To paraphrase Daniel Patrick Moynihan, we have defined extravagance up. It's admirable that our leaders want to be frugal with the taxpayer's money and recoup the six- and seven-figure bonuses paid to these financial alchemists, but let's pause for a moment and look what the taxpayers themselves have been buying with money not rendered unto Uncle Sam.
Million dollar McMansions. $175 sneakers. Super Sweet 16 parties. Bridezilla weddings. Massive high definition television sets. $6,000 boob jobs. Handheld electronic devices that enable 24-hour-a-day twittering. $17 cosmopolitans. $350 tickets to a baseball game. Blackberries for pre-teens that are used to send hundreds of messages every month that read in their entirety "LOL," "OMG" and "WTF." Humongous SUVs for people incompetent to park them in fewer than three spaces.
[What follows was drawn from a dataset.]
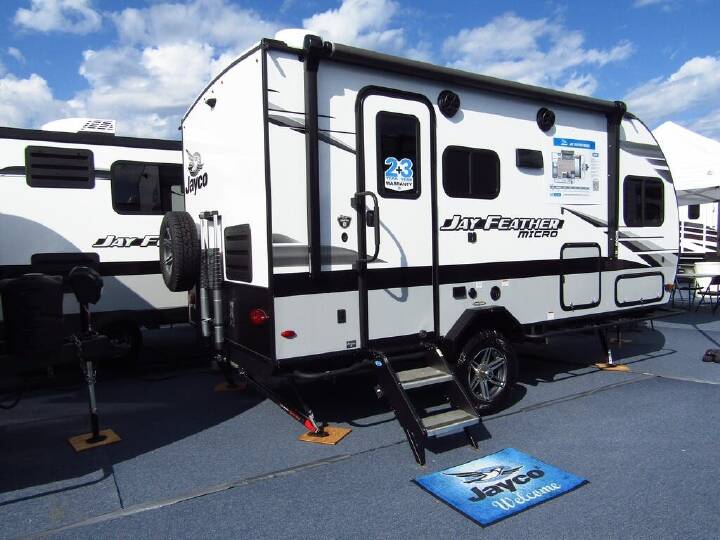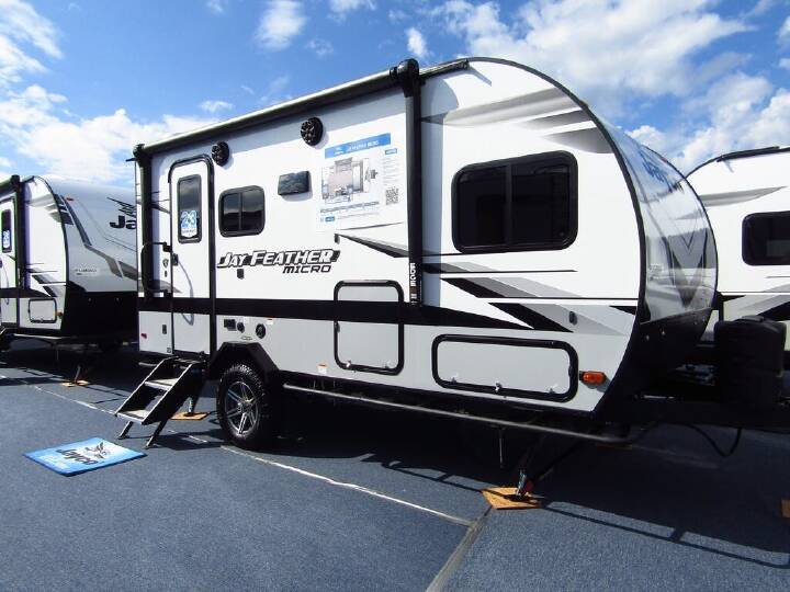 2023 Jayco Jay Feather Micro 166FBS, Not actual photos of #70231. The Jayco Jay Feather Micro 166FBS is a lightweight floor plan with off-road tires and enough space to sleep up to 4 people comfortably. The Jay Feather Micro 166FBS has a full set of amenities including: a front bed, jack-knife sofa with table trays and folding table, a full rear bath and a standard kitchen to whip up your camping favorites.

Not too long ago we all got a pretty good wake-up call when we saw how much Dennis Kozlowski at Tyco and Bernie Ebbers at WorldCom and Ken Lay at Enron were scarfing down. There was a lot of talk about limiting executive compensation, but we let that fever pass. Instead, the payments floated up, dragging the compensation scales behind. So now we see Dick Fuld making hundreds of millions and John Thain redecorating , and the financial grunts getting multimillions, and the vast majority of us plebes getting the bread and circuses of our day, like cheap electronics and up-to-the-minute accounts of the peregrinations of pantyless pop stars.
Feeling angry about the AIG bonuses? Right on! But why stop there?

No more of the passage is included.